Stratifikasi Sosial
STRATIFIKASI SOSIAL
Pengertian secara umum
Stratifikasi sosial adalah penggolongan masyarakat dalam kelas yang dapat disusun secara vertikal atau bertingkat. Stratifikasi sosial dapat disebut pula sebagai lapisan antar masyarakat. Pengelompokan atau penggolongan kelas masyarakat tersebut sifatnya adalah hierarki vertikal yang akibatnya adalah memunculkan istilah kelas sosial atas atau upper class. Tingkatan kelas sosial tersebut terbentuk karena adanya suatu hal yang dihargai di tengah masyarakat.
Pengertian menurut para ahli
1. Pitirim A. Sorokin
Mendefinisikan stratifikasi sosial sebagai pembedaan penduduk atau masyarakat ke dalam kelas-kelas yang tersusun secara bertingkat/ hierarkis.
2. Max Weber
Mendefinisikan stratifikasi sosial sebagai penggolongan orang-orang yang termasuk
dalam suatu sistem sosial tertentu ke dalam lapisan- lapisan hierarki menurut dimensi kekuasaan, previllege dan prestise.
3. Bruce J. Cohen
sistem stratifikasi akan menempatkan setiap individu pada kelas sosial yang sesuai berdasarkan kualitas yang dimiliki.
4. Mosca
Stratifikasi sosial adalah pembedaan anggota masyarakat berdasarkan status yang dimilikinya.
5. Robert M.Z Lawang
Stratifikasi sosial merupakan penggolongan orang yang termasuk dalam suatu sistem sosial tertentu pada lapisan hierarkis sesuai dengan privilege, prestise serta dimensi kekuasaan.
6. Astrid S. Susanto
Stratifikasi sosial merupakan hasil dari kebiasaan hubungan antara manusia dengan teratur serta tersusun, sehingga setiap orang memiliki situasi untuk menentukan hubungan dengan manusia atau individu lainnya baik secara vertikal maupun horizontal.
Faktor-faktor Terbentuknya Stratifikasi
1. Ekonomi
Seseorang yang memiliki kekayaan dan penghasilan yang lebih tinggi cenderung memiliki status sosial yang lebih tinggi dibandingkan mereka yang berpenghasilan lebih rendah.
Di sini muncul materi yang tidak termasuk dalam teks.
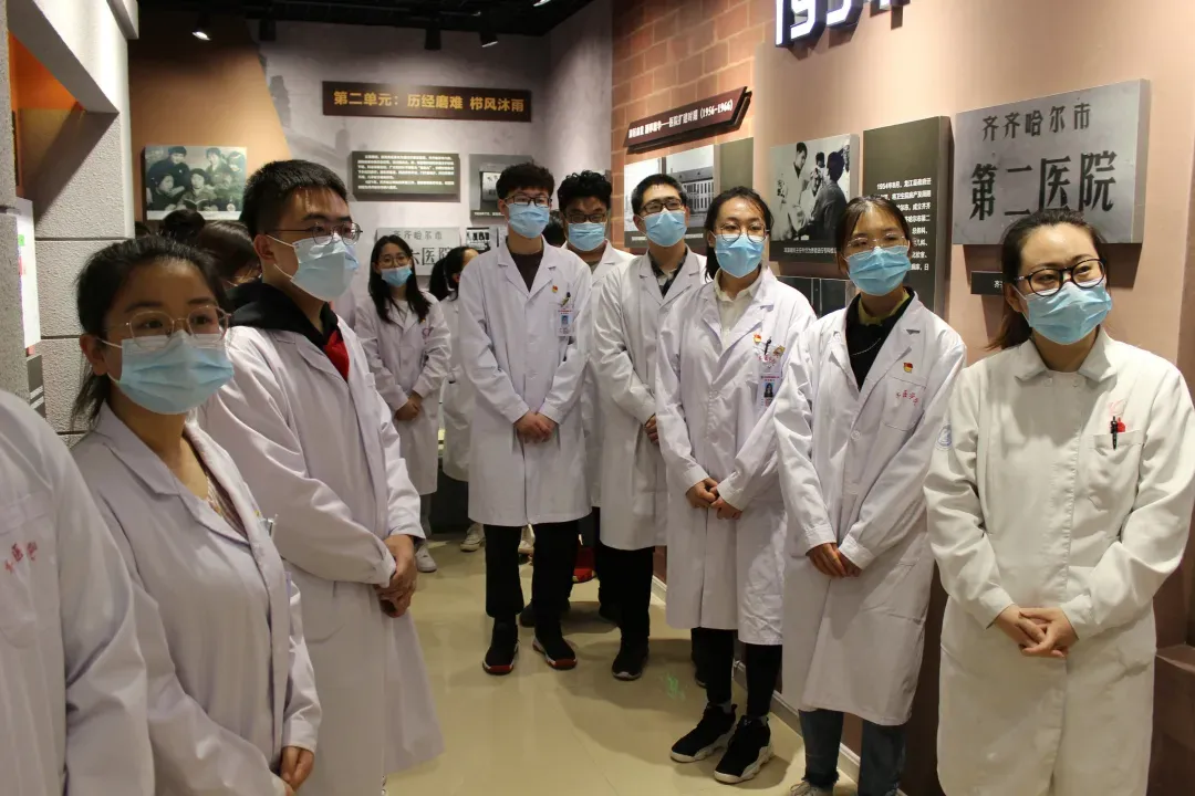 齐医附属一院院史馆于 2019 年12 月开馆并对外开放,获批“齐齐哈尔市科普教育基地”“黑龙江省科普基地”称号。展馆面积 306.98 平方米,馆内有9个展厅,展板312块,实物展陈 92 件,电脑影音设备两套。设立公放日和宣传网站,曾获“2023 年全国科普日活动优秀组织单位”“筑梦科技 科普先行”主题科普活动优质科普资源单位等称号。基地背靠三甲医院,深挖红色地域资源,1978年,医院曾在资源极其简陋匮乏的时期,成功开展省内首例滕关节置换术,填补省内空白;1986年,医院妇产科助推学院创建了中国第一个妇产本科专业,培育大批优秀妇产医师,省教委把妇产团队的奉献和敬业的精神以带头人王舒兰老师的名字命名为“舒兰精神”;2002年,成功开展先心病手术;医院承担国家六五、七五攻关课题,在八十年代开展遗传咨询门诊和新生儿尸检工作……,这些大医匠心故事充分体现了医学科学家艰苦奋斗、刻苦钻研、精益求精,为医疗事业奋斗终身的医者精神。作为齐齐哈尔医学院的附属医院,基地每年为近千名齐医学子开展“传承红色基因 探寻医者初心”开学第一课科普活动,“礼赞科学家,建功新龙江”科技工作者日宣讲活动,“大医匠心”系列主题线上线下宣讲活动,已然成为医学生立体、全面、生动的“思政大课堂”。

Misalnya, seorang pengusaha sukses yang memiliki banyak aset dan kekayaan akan mempunyai status sosial yang lebih tinggi daripada seorang buruh pabrik yang penghasilannya hanya yang cukup untuk memenuhi kebutuhan hidupnya.
2. Kehormatan
Seseorang yang dihormati oleh masyarakat karena prestasi dan kontribusinya dalam bidang tertentu cenderung memiliki status sosial yang lebih tinggi dibandingkan dengan orang yang tidak dihormati. Misalnya, seorang ilmuwan atau seniman yang dihormati karena karya-karyanya akan memiliki status sosial yang lebih tinggi daripada seorang pekerja biasa.
3. Kekuasaan
Seseorang yang mempunyai kekuasaan politik atau sosial cenderung memiliki status sosial yang lebih tinggi dibandingkan orang yang tidak memiliki kekuasaan. Misalnya, seorang presiden atau kepala negara memiliki status sosial yang lebih tinggi daripada seorang pekerja biasa.